- [YOUR GOAL] The data that follows must be transcribed in full and exactly, minus the pictures.

- [DATASET CONTENT]
((
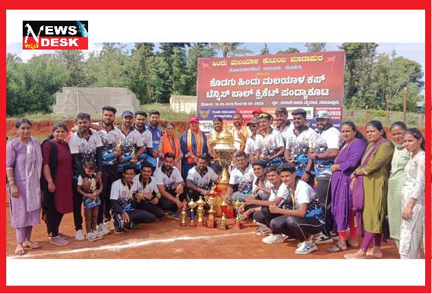 ಸುಂಟಿಕೊಪ್ಪ ಮೇ 20 NEWS DESK : ಕೊಡಗು ಹಿಂದೂ ಮಲಯಾಳಿ ಕ್ರಿಕೆಟ್ ಪಂದ್ಯಾವಳಿಯ ಪುರುಷರ ವಿಭಾಗದಲ್ಲಿ ಯಂಗ್ ಚಾಲೆಂಜರ್ ಐಗೂರು ತಂಡವು ಪ್ರಶಸ್ತಿಯನ್ನು ಮುಡಿಗೇರಿಸಿಕೊಂಡಿತು. ಮಾದಾಪುರ ಹಿಂದೂ ಮಾಲಯಾಳಿ ಕುಟುಂಬದ ವತಿಯಿಂದ ಮಾದಾಪುರ ಸರಕಾರಿ ಹಿರಿಯ ಪ್ರಾಥಮಿಕ ಶಾಲಾ ಮೈದಾನದಲ್ಲಿ ಆಯೋಜಿಸಲಾಗಿದ್ದ ಕೊಡಗು ಹಿಂದೂ ಮಲಯಾಳಿ ಕಪ್ ಟೆನ್ನಿಸ್ ಬಾಲ್ ಕ್ರಿಕೆಟ್ ಪಂದ್ಯಾವಳಿಯಲ್ಲಿ ಪುರುಷರ ವಿಭಾಗದಲ್ಲಿ ಐಗೂರು ಯಂಗ್ ಚಾಲೆಂಜರ್ಸ್ ಹಾಗೂ ಇಲೆವನ್ ಸ್ಟಾರ್ ಕಂಬಿಬಾಣೆ ತಂಡಗಳ ರೋಚಕ ಪಂದ್ಯಾವಳಿಯು ನಡೆದು ಮೊದಲು ಬ್ಯಾಟ್ ಕಂಬಿಬಾಣೆ ತಂಡ 6 ಓವರ್‍ಗಳ ಸಿಮೀತ ಪಂದ್ಯಾವಳಿಯಲ್ಲಿ 48 ರನ್‍ಗಳಿಗೆ ತನ್ನೆಲ್ಲಾ ವಿಕೆಟ್‍ಗಳನ್ನು ಕಳೆದುಕೊಂಡಿತು. ನಂತರ ಬ್ಯಾಂಟಿಗ್‍ಗೆ ಇಳಿದ ಯಂಗ್ ಚಾಲೆಂಜರ್ಸ್ ತಂಡವು 5 ವಿಕೆಟ್‍ಗಳನ್ನು ಕಳೆದುಕೊಂಡು ಇನ್ನು 3 ಎಸೆತ ಬಾಕಿ ಇರುವಂತೆ 49 ರನ್‍ಗಳಿಸಿ ಗೆಲುವು ಸಾಧಿಸುವ ಮೂಲಕ 33,000 ನಗದು ಹಾಗೂ ಆಕರ್ಷಕ ಟ್ರೋಫಿಯನ್ನು ತನ್ನದಾಗಿಸಿಕೊಂಡಿತು. ರನ್ರ್ಸ್ ತಂಡವು ರೂ 22,000 ಹಾಗೂ ಟ್ರೋಫಿಯನ್ನು ಪಡೆದುಕೊಂಡರು. ಐಗೂರು ತಂಡದ ಅಭಿಜಿತ್ ಬಿ ಜೌಟಗದ್ದೆ 27 ರನ್ ಬಾರಿಸುವ ಮೂಲಕ ಉತ್ತಮ ಬ್ಯಾಟ್ಸ್‍ಮ್ಯಾನ್ ಬಹುಮಾನ ಪಡೆದುಕೊಂಡರು. ಮಹಿಳಾ ಕ್ರಿಕೆಟ್‍ನಲ್ಲಿ ಮಲ್ದಾರೆ ಪ್ರಥಮ, ಹಟ್ಟಿಹೊಳೆ ದ್ವಿತೀಯ ಸ್ಥಾನವನ್ನು ಪಡೆದುಕೊಂಡರು. ಮಹಿಳಾ ಹಗ್ಗ ಜಗ್ಗಾಟದಲ್ಲಿ ಐಗೂರು ಭಜರಂಗಿ ಪ್ರಥಮ, ಮಾಲ್ದಾರೆ ದ್ವಿತೀಯ ಸ್ಥಾನ ಪಡೆದುಕೊಂಡರು.
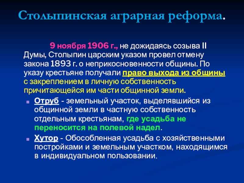 9 ноября 1906 г., не дожидаясь созыва II Думы, Столыпин царским указом провел отмену закона 1893 г. о неприкосновенности общины. По указу крестьяне получали право выхода из общины с закреплением в личную собственность причитающейся им части общинной земли.
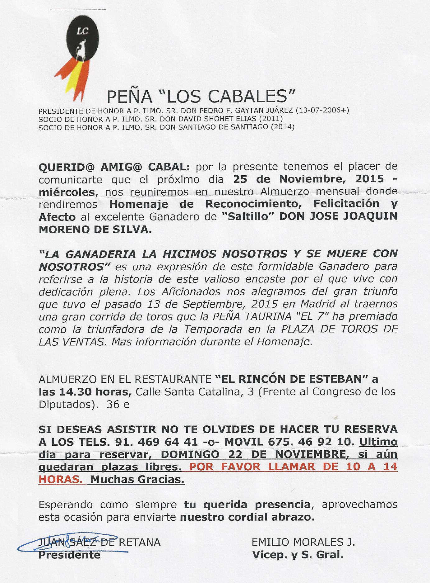 Peña Taurina `Los Cabales´rinde homenaje al Ganadero Don José Joaquín Moreno de Silva
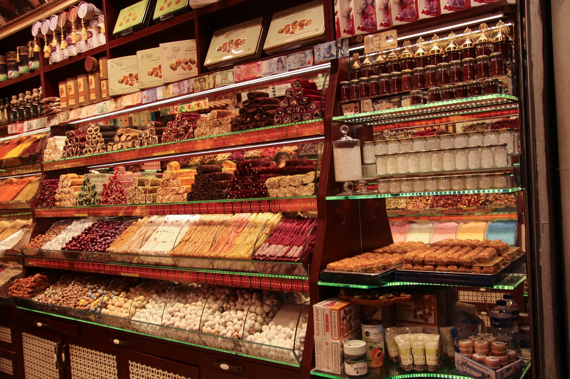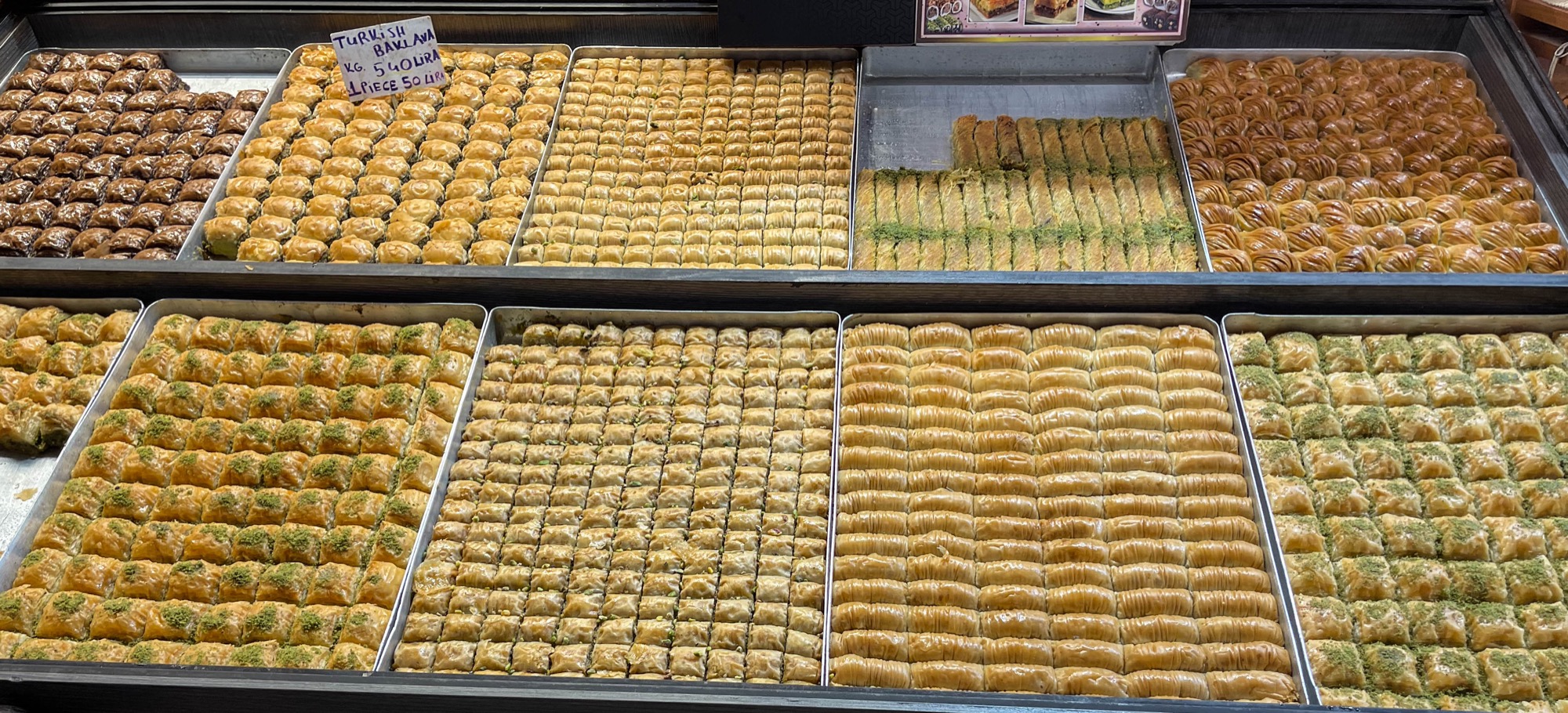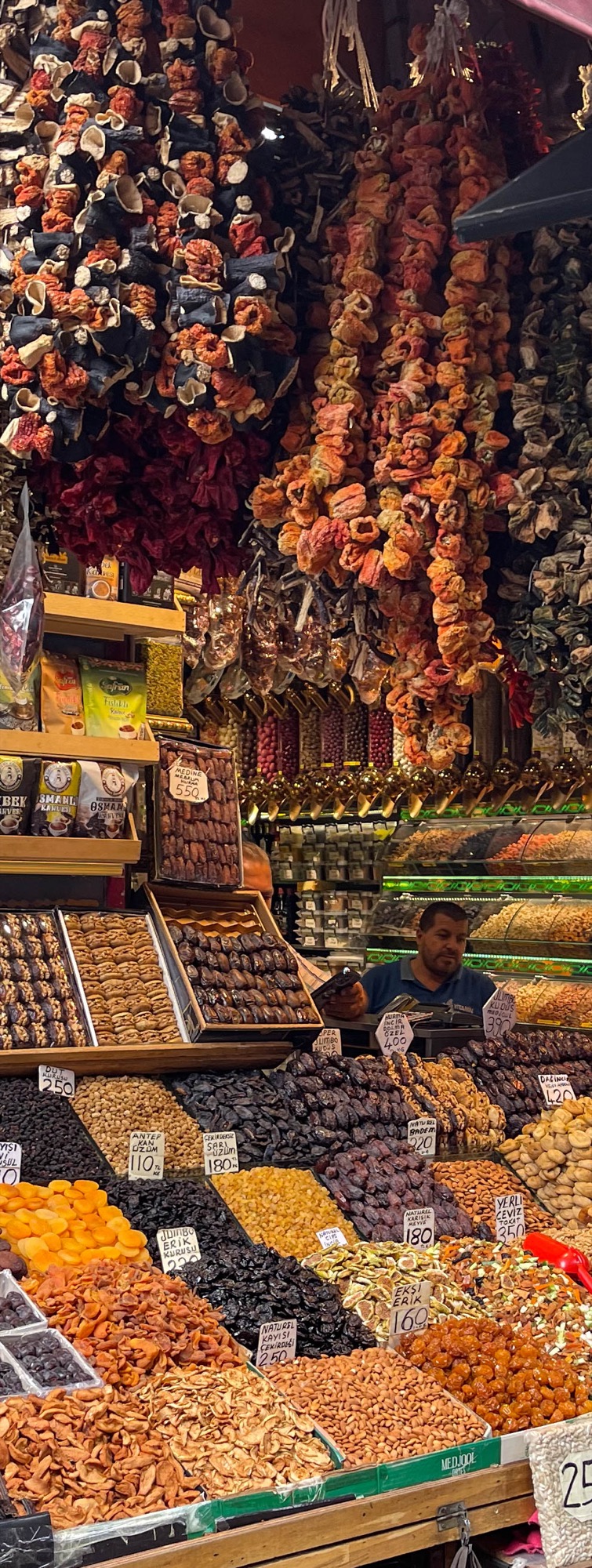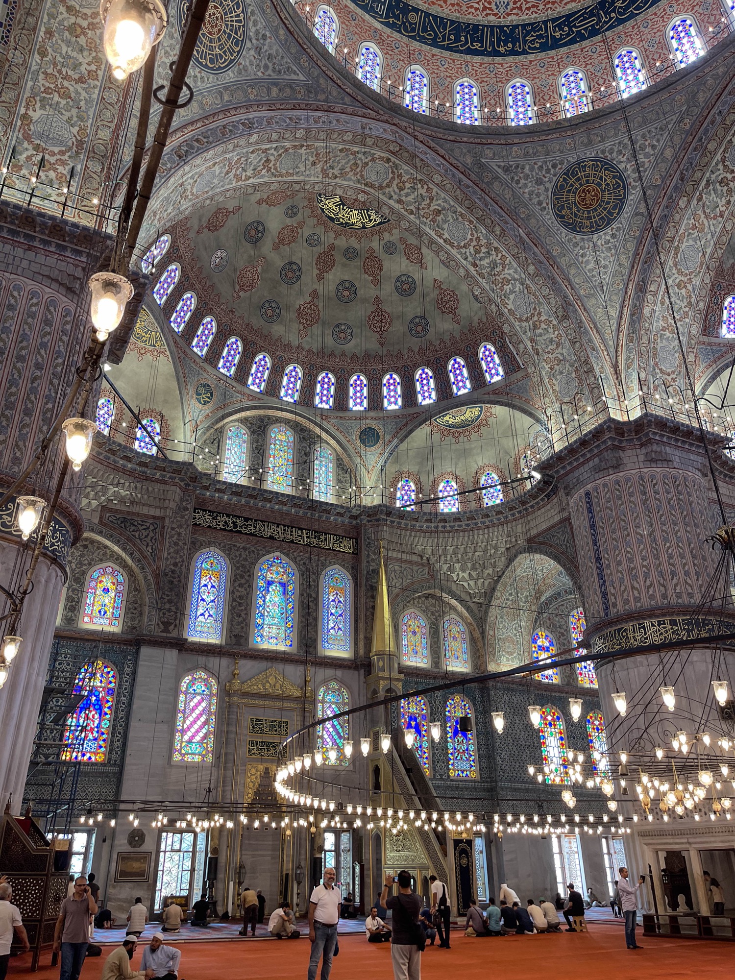 The Blue Mosque was so named because the Iznik tiles are primarily blue in color. The designs on the tiles feature cypress trees, fruits, roses, and more than fifty different designs with tulips. It is interesting to note that there are several ostrich eggs hanging in the chandeliers at the mosque. The purpose of the eggs is to repel spiders so there are no cobwebs on the chandeliers.
))
- [WORKED SOLUTION]
 ಸುಂಟಿಕೊಪ್ಪ ಮೇ 20 NEWS DESK : ಕೊಡಗು ಹಿಂದೂ ಮಲಯಾಳಿ ಕ್ರಿಕೆಟ್ ಪಂದ್ಯಾವಳಿಯ ಪುರುಷರ ವಿಭಾಗದಲ್ಲಿ ಯಂಗ್ ಚಾಲೆಂಜರ್ ಐಗೂರು ತಂಡವು ಪ್ರಶಸ್ತಿಯನ್ನು ಮುಡಿಗೇರಿಸಿಕೊಂಡಿತು. ಮಾದಾಪುರ ಹಿಂದೂ ಮಾಲಯಾಳಿ ಕುಟುಂಬದ ವತಿಯಿಂದ ಮಾದಾಪುರ ಸರಕಾರಿ ಹಿರಿಯ ಪ್ರಾಥಮಿಕ ಶಾಲಾ ಮೈದಾನದಲ್ಲಿ ಆಯೋಜಿಸಲಾಗಿದ್ದ ಕೊಡಗು ಹಿಂದೂ ಮಲಯಾಳಿ ಕಪ್ ಟೆನ್ನಿಸ್ ಬಾಲ್ ಕ್ರಿಕೆಟ್ ಪಂದ್ಯಾವಳಿಯಲ್ಲಿ ಪುರುಷರ ವಿಭಾಗದಲ್ಲಿ ಐಗೂರು ಯಂಗ್ ಚಾಲೆಂಜರ್ಸ್ ಹಾಗೂ ಇಲೆವನ್ ಸ್ಟಾರ್ ಕಂಬಿಬಾಣೆ ತಂಡಗಳ ರೋಚಕ ಪಂದ್ಯಾವಳಿಯು ನಡೆದು ಮೊದಲು ಬ್ಯಾಟ್ ಕಂಬಿಬಾಣೆ ತಂಡ 6 ಓವರ್‍ಗಳ ಸಿಮೀತ ಪಂದ್ಯಾವಳಿಯಲ್ಲಿ 48 ರನ್‍ಗಳಿಗೆ ತನ್ನೆಲ್ಲಾ ವಿಕೆಟ್‍ಗಳನ್ನು ಕಳೆದುಕೊಂಡಿತು. ನಂತರ ಬ್ಯಾಂಟಿಗ್‍ಗೆ ಇಳಿದ ಯಂಗ್ ಚಾಲೆಂಜರ್ಸ್ ತಂಡವು 5 ವಿಕೆಟ್‍ಗಳನ್ನು ಕಳೆದುಕೊಂಡು ಇನ್ನು 3 ಎಸೆತ ಬಾಕಿ ಇರುವಂತೆ 49 ರನ್‍ಗಳಿಸಿ ಗೆಲುವು ಸಾಧಿಸುವ ಮೂಲಕ 33,000 ನಗದು ಹಾಗೂ ಆಕರ್ಷಕ ಟ್ರೋಫಿಯನ್ನು ತನ್ನದಾಗಿಸಿಕೊಂಡಿತು. ರನ್ರ್ಸ್ ತಂಡವು ರೂ 22,000 ಹಾಗೂ ಟ್ರೋಫಿಯನ್ನು ಪಡೆದುಕೊಂಡರು. ಐಗೂರು ತಂಡದ ಅಭಿಜಿತ್ ಬಿ ಜೌಟಗದ್ದೆ 27 ರನ್ ಬಾರಿಸುವ ಮೂಲಕ ಉತ್ತಮ ಬ್ಯಾಟ್ಸ್‍ಮ್ಯಾನ್ ಬಹುಮಾನ ಪಡೆದುಕೊಂಡರು. ಮಹಿಳಾ ಕ್ರಿಕೆಟ್‍ನಲ್ಲಿ ಮಲ್ದಾರೆ ಪ್ರಥಮ, ಹಟ್ಟಿಹೊಳೆ ದ್ವಿತೀಯ ಸ್ಥಾನವನ್ನು ಪಡೆದುಕೊಂಡರು. ಮಹಿಳಾ ಹಗ್ಗ ಜಗ್ಗಾಟದಲ್ಲಿ ಐಗೂರು ಭಜರಂಗಿ ಪ್ರಥಮ, ಮಾಲ್ದಾರೆ ದ್ವಿತೀಯ ಸ್ಥಾನ ಪಡೆದುಕೊಂಡರು.
 9 ноября 1906 г., не дожидаясь созыва II Думы, Столыпин царским указом провел отмену закона 1893 г. о неприкосновенности общины. По указу крестьяне получали право выхода из общины с закреплением в личную собственность причитающейся им части общинной земли.
 Peña Taurina `Los Cabales´rinde homenaje al Ganadero Don José Joaquín Moreno de Silva
 The Blue Mosque was so named because the Iznik tiles are primarily blue in color. The designs on the tiles feature cypress trees, fruits, roses, and more than fifty different designs with tulips. It is interesting to note that there are several ostrich eggs hanging in the chandeliers at the mosque. The purpose of the eggs is to repel spiders so there are no cobwebs on the chandeliers.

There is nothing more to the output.